> **WORK REQUEST**
From the records that follow, return exactly the lines beginning at the one that contains "Огърлица естествени камъни, сребърна" and ending at the one that contains "Avajaisilmoitus Turun Sanomissa", pictures left out.

> **EXCERPTED RECORDS**
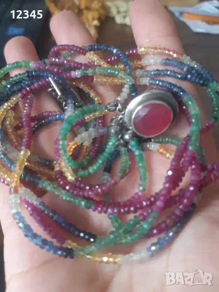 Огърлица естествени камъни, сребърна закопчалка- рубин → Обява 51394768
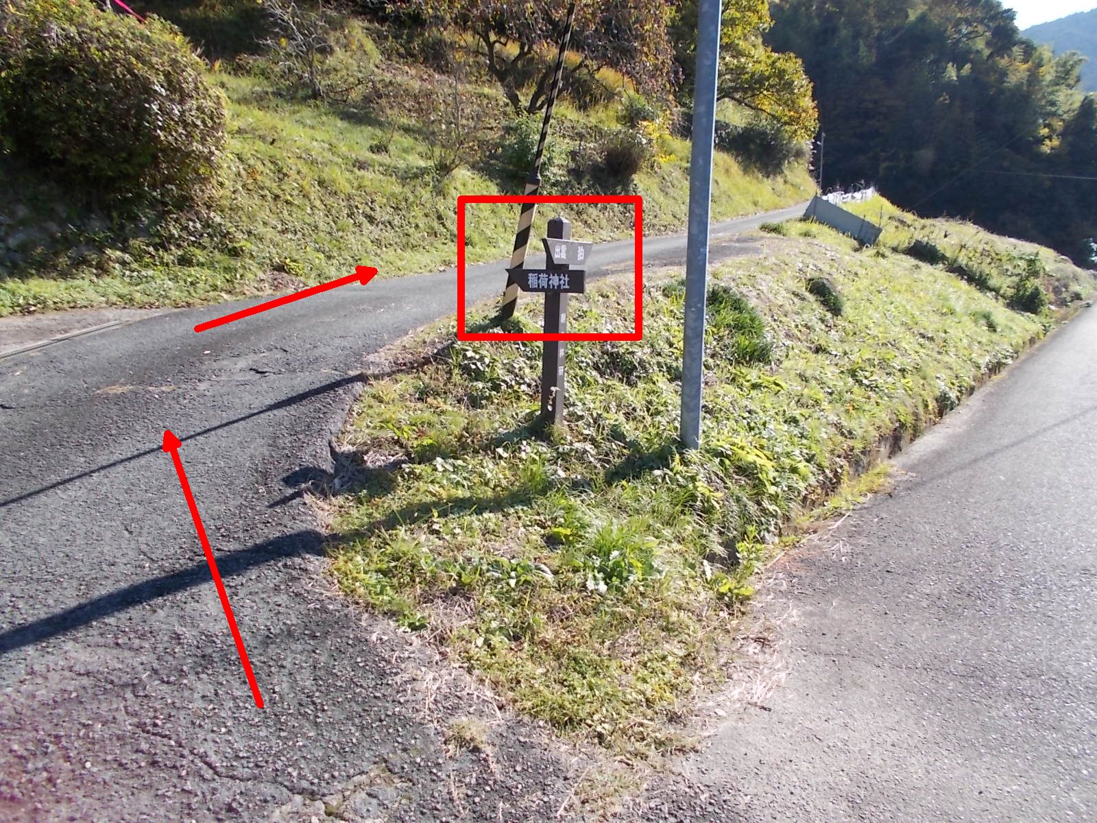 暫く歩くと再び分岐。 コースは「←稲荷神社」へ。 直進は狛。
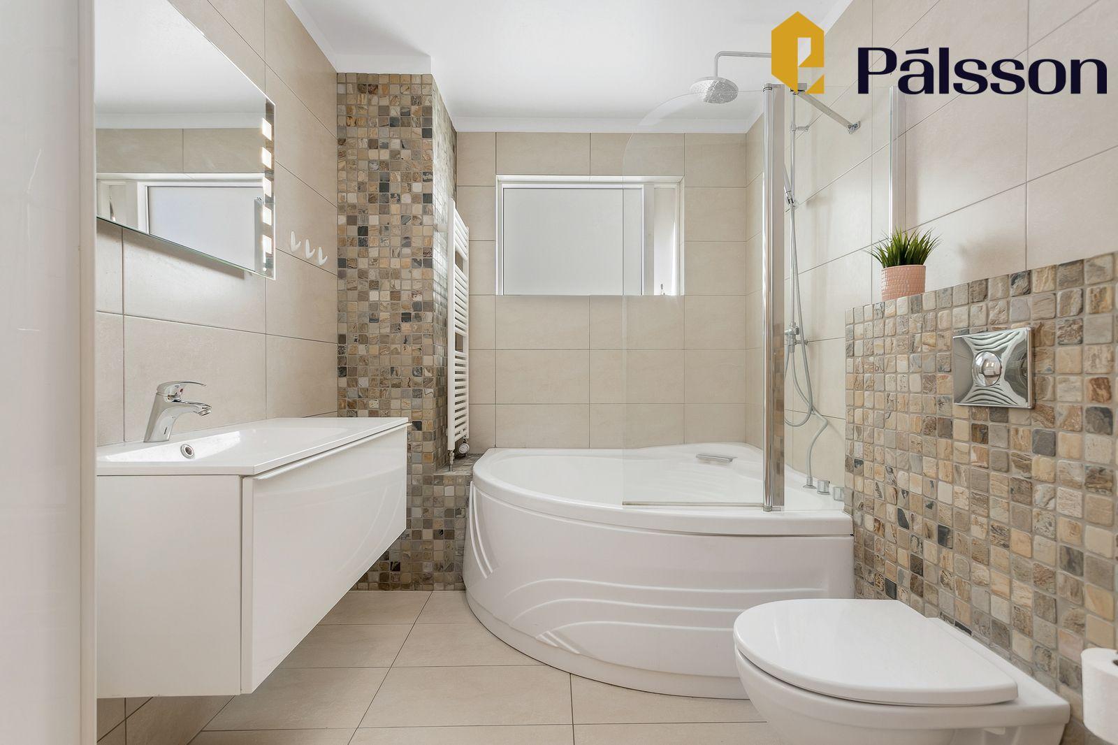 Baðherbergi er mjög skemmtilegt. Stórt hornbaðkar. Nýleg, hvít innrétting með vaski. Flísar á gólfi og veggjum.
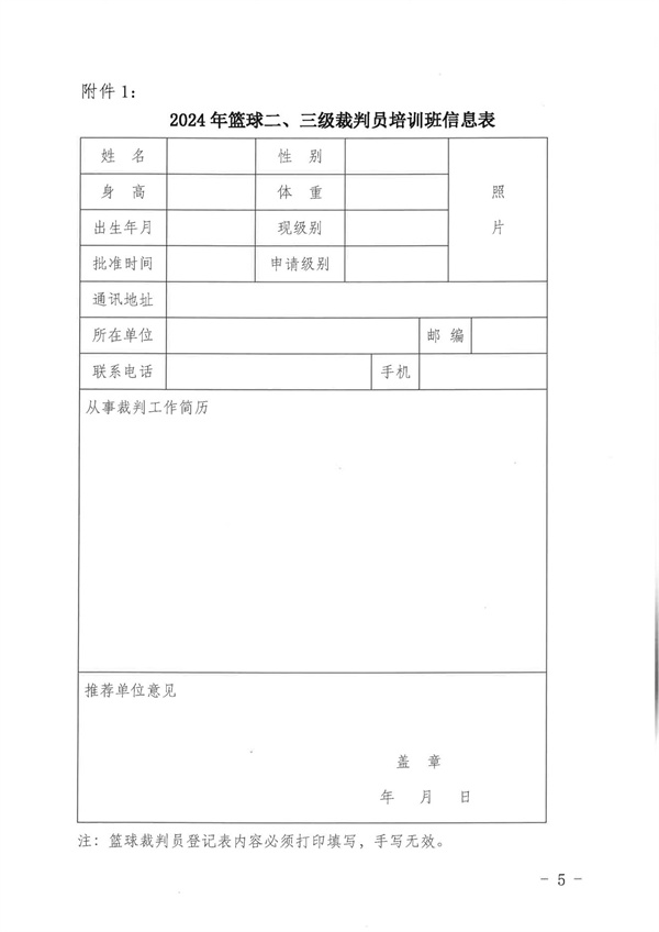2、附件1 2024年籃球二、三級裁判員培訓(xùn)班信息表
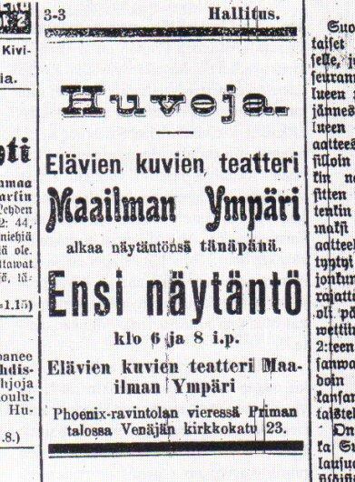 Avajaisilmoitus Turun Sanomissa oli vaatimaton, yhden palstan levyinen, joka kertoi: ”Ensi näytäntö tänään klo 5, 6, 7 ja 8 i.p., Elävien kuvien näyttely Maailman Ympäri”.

--

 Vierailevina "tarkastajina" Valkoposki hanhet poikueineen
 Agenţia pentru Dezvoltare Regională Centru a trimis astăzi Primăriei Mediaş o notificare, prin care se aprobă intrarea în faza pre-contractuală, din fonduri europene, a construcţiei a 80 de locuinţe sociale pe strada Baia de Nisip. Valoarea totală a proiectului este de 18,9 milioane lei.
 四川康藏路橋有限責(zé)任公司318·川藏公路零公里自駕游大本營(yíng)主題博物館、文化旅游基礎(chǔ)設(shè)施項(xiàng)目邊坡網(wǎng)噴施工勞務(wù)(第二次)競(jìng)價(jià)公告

> **WRITTEN SOLUTION**
 Огърлица естествени камъни, сребърна закопчалка- рубин → Обява 51394768
 暫く歩くと再び分岐。 コースは「←稲荷神社」へ。 直進は狛。
 Baðherbergi er mjög skemmtilegt. Stórt hornbaðkar. Nýleg, hvít innrétting með vaski. Flísar á gólfi og veggjum.
2、附件1 2024年籃球二、三級裁判員培訓(xùn)班信息表
 Avajaisilmoitus Turun Sanomissa oli vaatimaton, yhden palstan levyinen, joka kertoi: ”Ensi näytäntö tänään klo 5, 6, 7 ja 8 i.p., Elävien kuvien näyttely Maailman Ympäri”.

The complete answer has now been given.